From Mozart to Metallica, tons of people enjoy listening to various types of music while they paint, write, or draw. Many believe that music helps to boost creativity, but an international study conducted by English and Swedish researchers is challenging thatnotion. Psychologists from Lancaster University, the University of Gavle, and the University of Central Lancashire say that their findings indicate music actually stops creativity.
To come to their conclusions, researchers made participants complete verbal(语言的) insight problems designed to inspire their creativity while in a quiet room and then again while music played in the background. They found that background music "damaged" the participants' ability to complete tasks associated with verbal creativity.
The research team also tested background noises such as those often heard in a library, but found that such noises had no impact on subjects' creativity. The tasks were simple word games. For example, participants were given three words, such as dress, dial, and flower. Then, they were asked to find a single word associated with all three that could be combined to form a common phrase or word. The single word, in this case, would be "sun" (sundress, sunflower, ete). Participants completed the tasks in either a quiet room, or while exposed to three different types of music: music with unfamiliar lyrics, instrumental music or music with familiar lyrics.

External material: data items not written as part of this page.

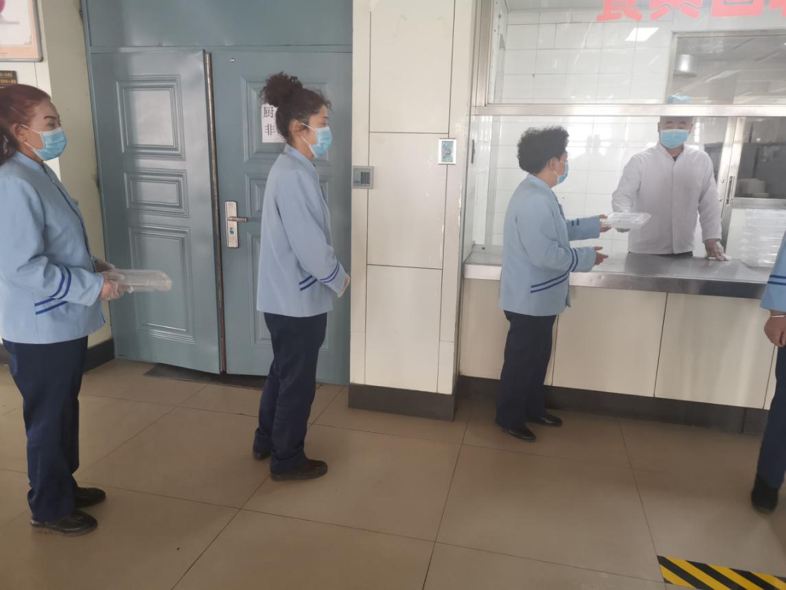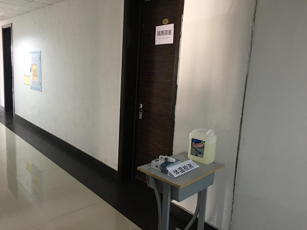 演练共分为两部分,一为学生返校食堂安全秩序过程演练。模拟学生进入食堂、门口测温、排队打餐、单人单向同桌就餐、餐具收集、离开食堂的全过程演练,在各环节保证工作人员的监督和指导,确保防控工作有序进行。此外,按照防疫要求,食堂每天进行员工测温、岗位检测,工作人员要做好防控措施,按时通风、消毒保洁等。二为学生返校出现体温异常的情况演练。模拟学生返校院系报到后入住寝室出现发热症状情境,宿管老师第一时间上报学校,经由校内卫生所询问、检查确认后,消毒紧急送往校内隔离间。发热学生送达隔离室后,由疫情防控小组宿管工作人员负责讲解隔离室管理制度,同时,对学生进行必要的心理辅导,以缓解学生恐慌情绪。
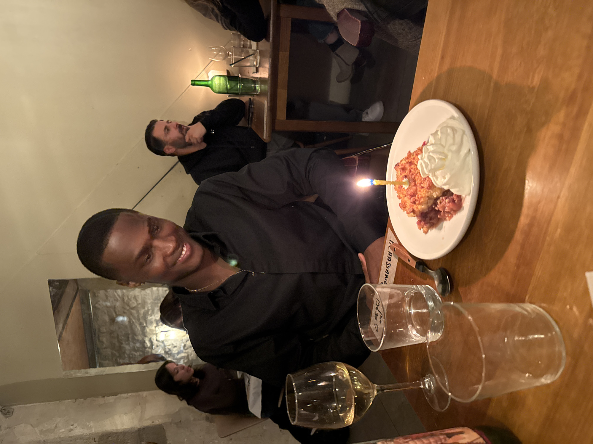 The image depicts an indoor scene within a dimly lit restaurant or bar, located in Paris, France. In the foreground, a young Black male with short dark hair, wearing a black collared shirt and a gold chain with a cross pendant, is seated at a wooden table. He is smiling and looking down at a white plate containing a dessert, possibly a fruit crumble, topped with whipped cream and featuring a single lit birthday candle. To his left, a stemmed wine glass holds a quantity of white wine. Two empty clear glasses are also on the table near a silver spoon. Partially visible on the table is a piece of paper with handwritten text, including "CHASSAGNE." In the background to the left, a woman with dark hair is seated at another table. To the right, a man with a dark beard, wearing a dark hoodie, is seated at a separate wooden table, resting his chin on his hand. On his table, a green bottle, several glasses, and a small lit candle are visible. Beneath this table, the lower legs and feet of another individual, wearing light-colored boots, are visible. The walls of the establishment exhibit a textured, light-colored stone finish on the left and a plain, light-colored surface elsewhere.
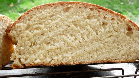dans la soirée, je me suis fait le pain sans petrissage, oups....ai pas résisté à le gouter chaud, à la sortie du four!!! ouh lala!! les kilos, mais tant pis lol
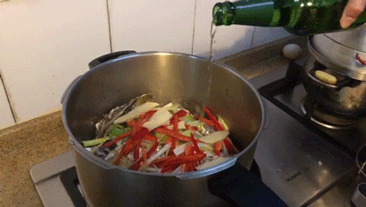 每個(gè)生蠔手工挑選,新鮮肥美!沖洗干凈,放入高壓鍋,放大蔥絲、姜片、紅辣椒絲,倒入啤酒,開火!隔酒蒸,上氣后,蒸30秒-1分鐘,就可以開鍋啦!
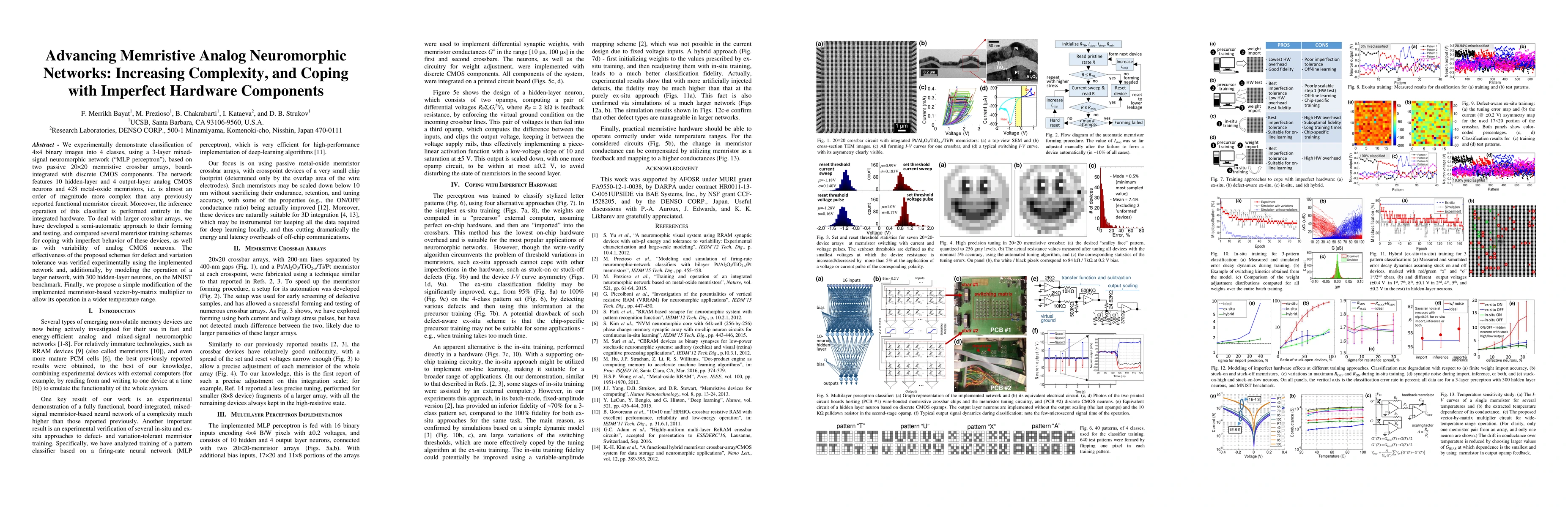 We experimentally demonstrate classification of 4x4 binary images into 4 classes, using a 3-layer mixed-signal neuromorphic network ("MLP perceptron"), based on two passive 20x20 memristive crossbar arrays, board-integrated with discrete CMOS components. The network features 10 hidden-layer and 4 output-layer analog CMOS neurons and 428 metal-oxide memristors, i.e. is almost an order of magnitude more complex than any previously reported functional memristor circuit. Moreover, the inference operation of this classifier is performed entirely in the integrated hardware. To deal with larger crossbar arrays, we have developed a semi-automatic approach to their forming and testing, and compared several memristor training schemes for coping with imperfect behavior of these devices, as well as with variability of analog CMOS neurons. The effectiveness of the proposed schemes for defect and variation tolerance was verified experimentally using the implemented network and, additionally, by modeling the operation of a larger network, with 300 hidden-layer neurons, on the MNIST benchmark. Finally, we propose a simple modification of the implemented memristor-based vector-by-matrix multiplier to allow its operation in a wider temperature range.
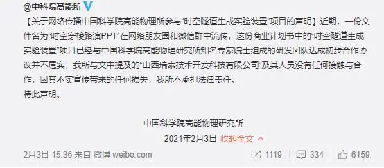 中科院表示,这份商业计划书中的“时空隧道生成实验装置”项目已经与中国科学院高能物理研究所知名专家院士组成的研发团队达成初步合作协议并不属实,我所与文中提及的“山西瑞泰技术开发科技有限公司”及其人员没有任何接触与合作,因其不实宣传带来的任何损失,我所不承担法律责任。

They found strong evidence of damaging performance when playing background music in comparison to quiet background conditions. Also, as far as the library background noises having seemingly no effect, the study's authors believe that was the case because library noises create a "steady state" environment that doesn't disrupt concentration.
It's worth mentioning that even familiar music with well-known lyrics would damage participants' creativity, regardless of whether or not it inspired a positive reaction, or whether participants typically studied or created while listening to music.